● **Directions**: Nothing but the text should be carried over: reproduce all the data exactly and leave out every image.

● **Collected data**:
##########

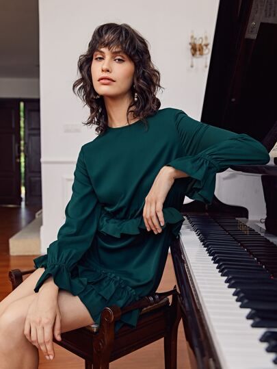 Macario Jimenez Vestido bajo a capas de manga con volante - Verde Oscuro - Añade 5
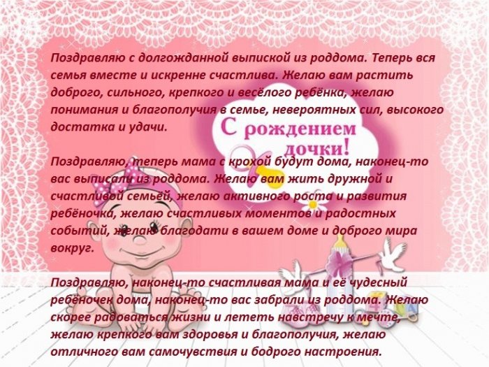 из роддома! Желаю, как можно быстрее здоровья, а родителям — крепких сил. И пусть каждое
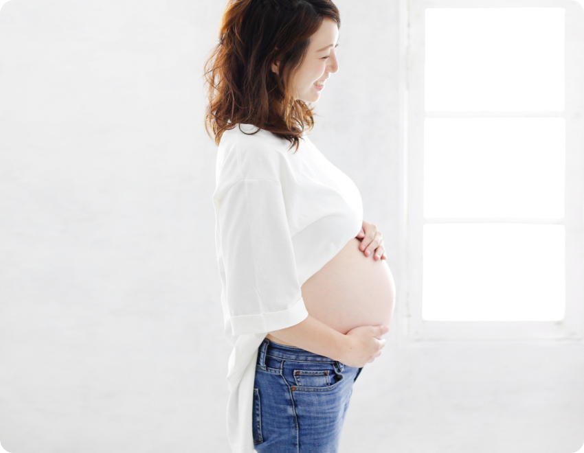 Point 03 妊娠線や肌荒れはキレイに補整 「妊娠線がある」「肌荒れがひどい」「下着のあとがある」など、お腹を出す撮影に抵抗がある方もご安心ください。撮影後にフォトレタッチ(美肌補整)のプロが自然な形でキレイに補整いたします。
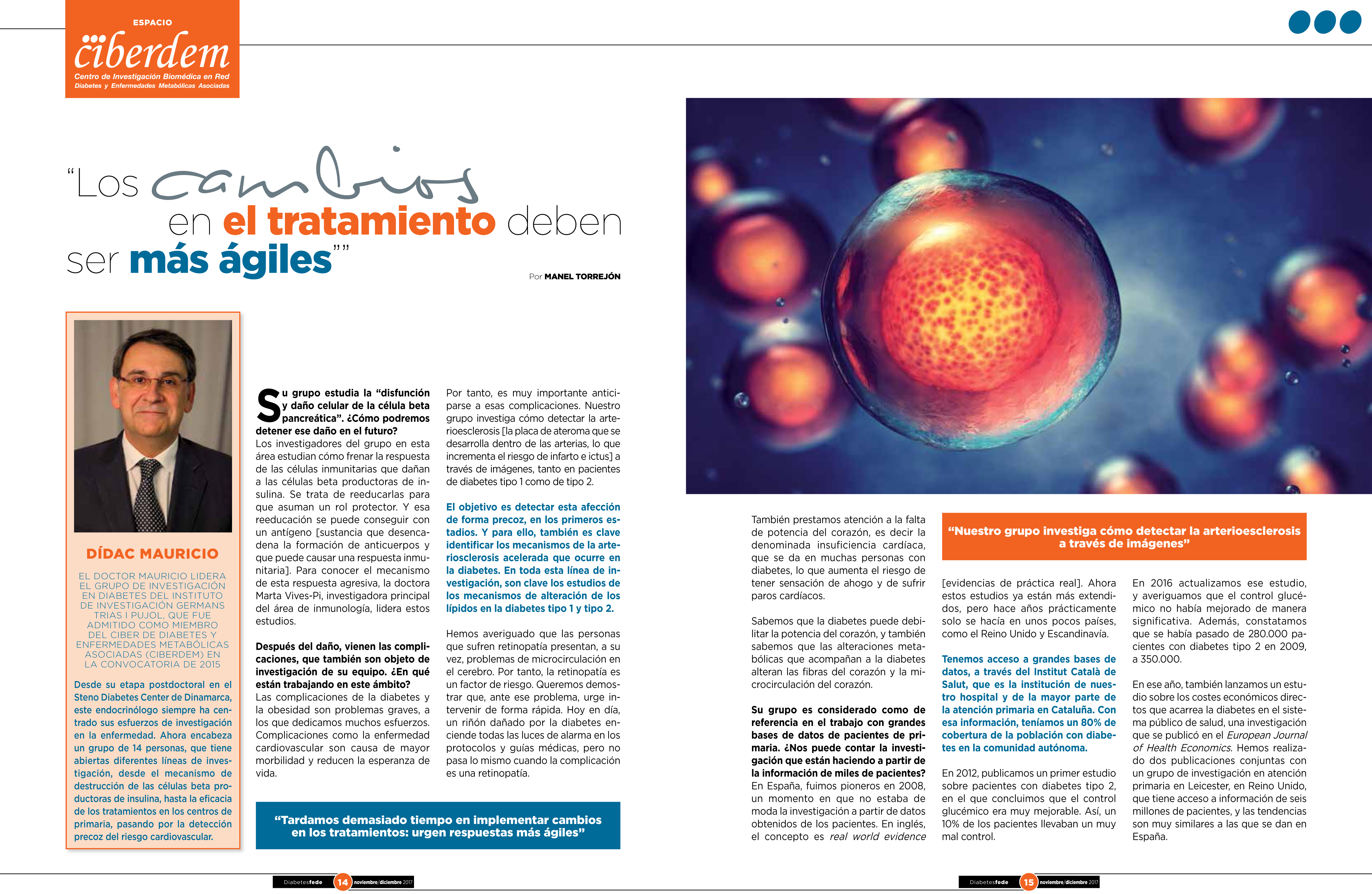 La revista DiabetesFEDE, dentro del espacio que dedica al CIBERDEM, ha entrevistado en su último número a Dídac Mauricio, jefe de grupo del CIBERDEM en el Hospital Universitario Germans Trias i Pujol.
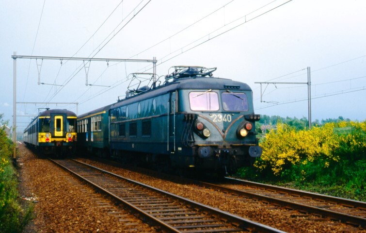 Elektrische locomotief 2340 sleept een reizigerstrein bestaande uit M 2-rijtuigen. De trein rijdt voorbij tweeledig motorstel 508 op het andere spoor. Dit motorstel behoort tot reeks 00, schijf 1955.
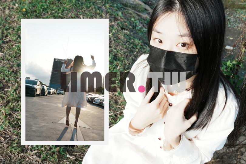 新人女孩深夏初曝光,在午後陽光下草地上散步,走過球場、水泥地停車場時還開心地飛了起來;
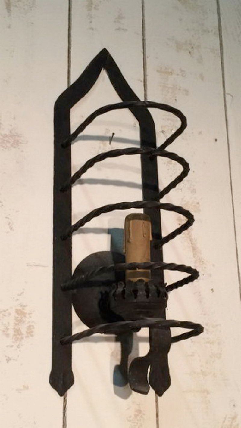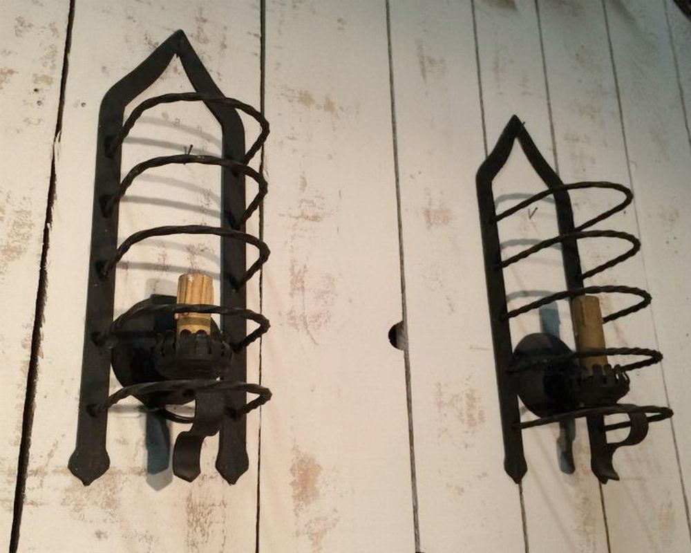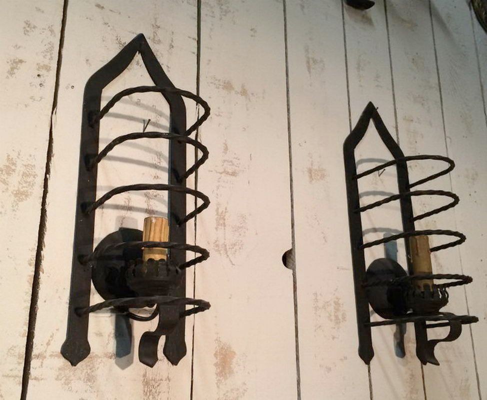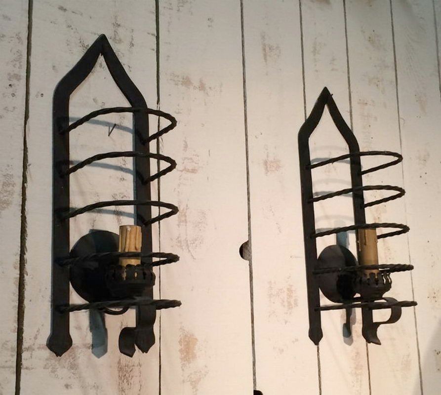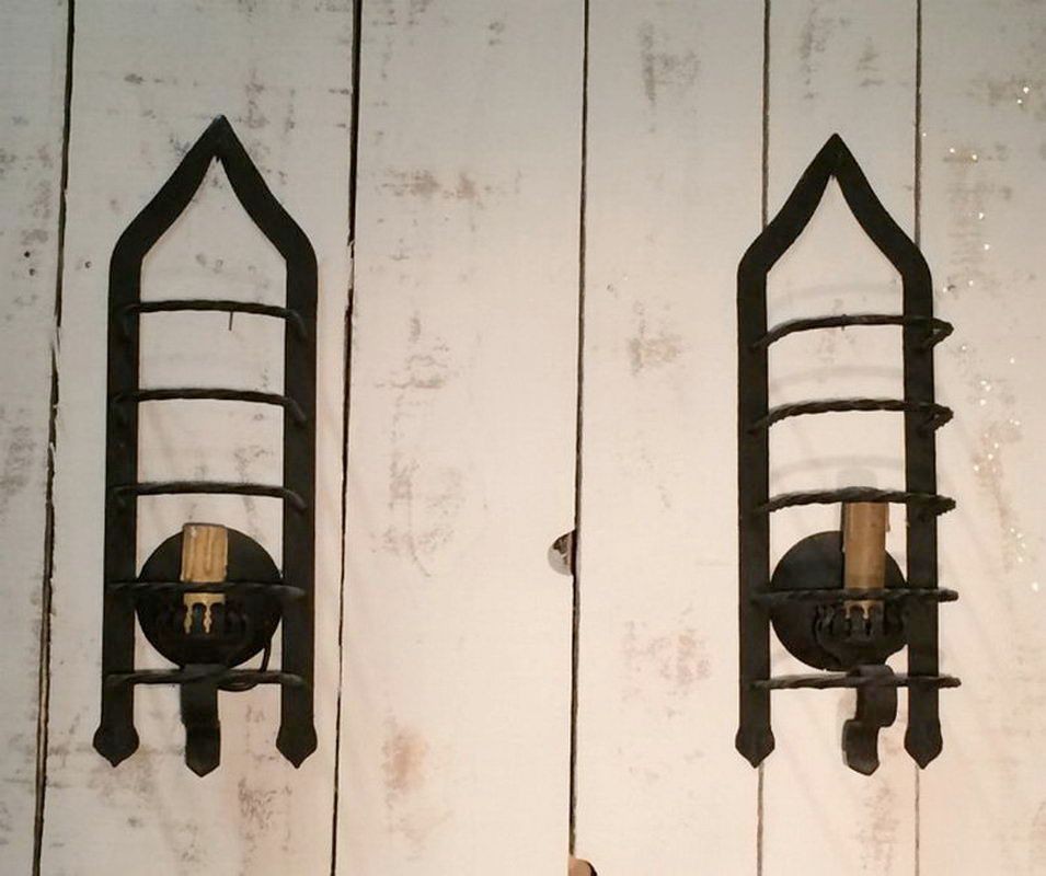This pair of cage sconces illustrates the formal inventiveness of French ironworkers in the 1950s, a period when wrought iron experienced a major revival in art lighting. The openwork cubic structure — hence the name "cage" — plays on transparency and the graphic design of the bars, creating a shadow effect on the wall when lit. The iron patina, dark with some warm hues, testifies to authentic hot work. These sconces are part of the post-war French School lineage that revisited classicism with a more refined and geometric vocabulary. Ideal for a mid-century interior, contemporary loft, or eclectic decor combining modernism and craftsmanship.

##########

● **Result**:
 Macario Jimenez Vestido bajo a capas de manga con volante - Verde Oscuro - Añade 5
 из роддома! Желаю, как можно быстрее здоровья, а родителям — крепких сил. И пусть каждое
 Point 03 妊娠線や肌荒れはキレイに補整 「妊娠線がある」「肌荒れがひどい」「下着のあとがある」など、お腹を出す撮影に抵抗がある方もご安心ください。撮影後にフォトレタッチ(美肌補整)のプロが自然な形でキレイに補整いたします。
 La revista DiabetesFEDE, dentro del espacio que dedica al CIBERDEM, ha entrevistado en su último número a Dídac Mauricio, jefe de grupo del CIBERDEM en el Hospital Universitario Germans Trias i Pujol.
 Elektrische locomotief 2340 sleept een reizigerstrein bestaande uit M 2-rijtuigen. De trein rijdt voorbij tweeledig motorstel 508 op het andere spoor. Dit motorstel behoort tot reeks 00, schijf 1955.
 新人女孩深夏初曝光,在午後陽光下草地上散步,走過球場、水泥地停車場時還開心地飛了起來;
This pair of cage sconces illustrates the formal inventiveness of French ironworkers in the 1950s, a period when wrought iron experienced a major revival in art lighting. The openwork cubic structure — hence the name "cage" — plays on transparency and the graphic design of the bars, creating a shadow effect on the wall when lit. The iron patina, dark with some warm hues, testifies to authentic hot work. These sconces are part of the post-war French School lineage that revisited classicism with a more refined and geometric vocabulary. Ideal for a mid-century interior, contemporary loft, or eclectic decor combining modernism and craftsmanship.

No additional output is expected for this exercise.